Reproduce exactly the lines from the one containing "Diese Tabelle sagt" through the end of the listing, minus the pictures.
------ Data provided
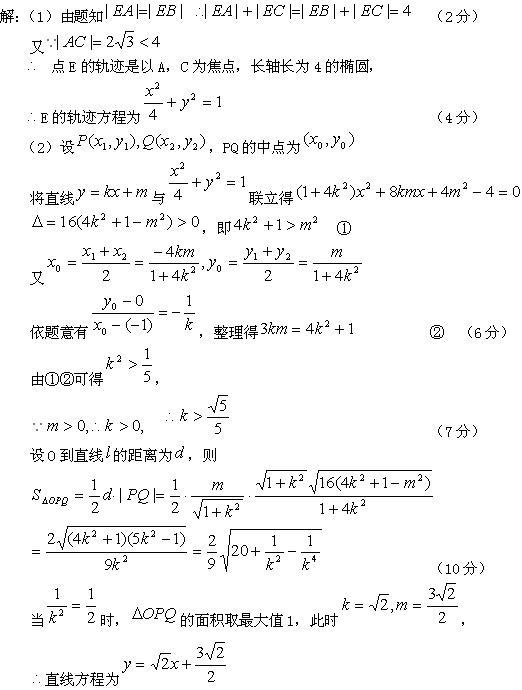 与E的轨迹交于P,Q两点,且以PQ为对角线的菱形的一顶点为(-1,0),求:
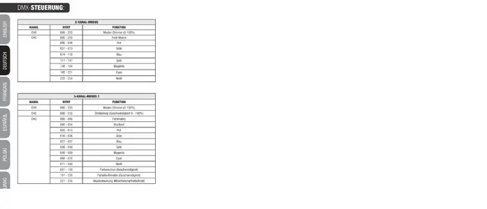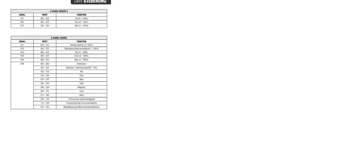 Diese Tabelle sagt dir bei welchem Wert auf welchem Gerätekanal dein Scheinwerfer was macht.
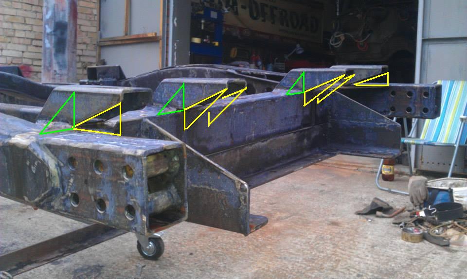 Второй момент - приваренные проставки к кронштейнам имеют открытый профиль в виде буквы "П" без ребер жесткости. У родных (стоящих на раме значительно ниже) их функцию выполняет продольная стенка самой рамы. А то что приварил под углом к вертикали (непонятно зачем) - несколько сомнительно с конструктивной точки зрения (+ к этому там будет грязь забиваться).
------------
**Exercise answer**
 Diese Tabelle sagt dir bei welchem Wert auf welchem Gerätekanal dein Scheinwerfer was macht.
 Второй момент - приваренные проставки к кронштейнам имеют открытый профиль в виде буквы "П" без ребер жесткости. У родных (стоящих на раме значительно ниже) их функцию выполняет продольная стенка самой рамы. А то что приварил под углом к вертикали (непонятно зачем) - несколько сомнительно с конструктивной точки зрения (+ к этому там будет грязь забиваться).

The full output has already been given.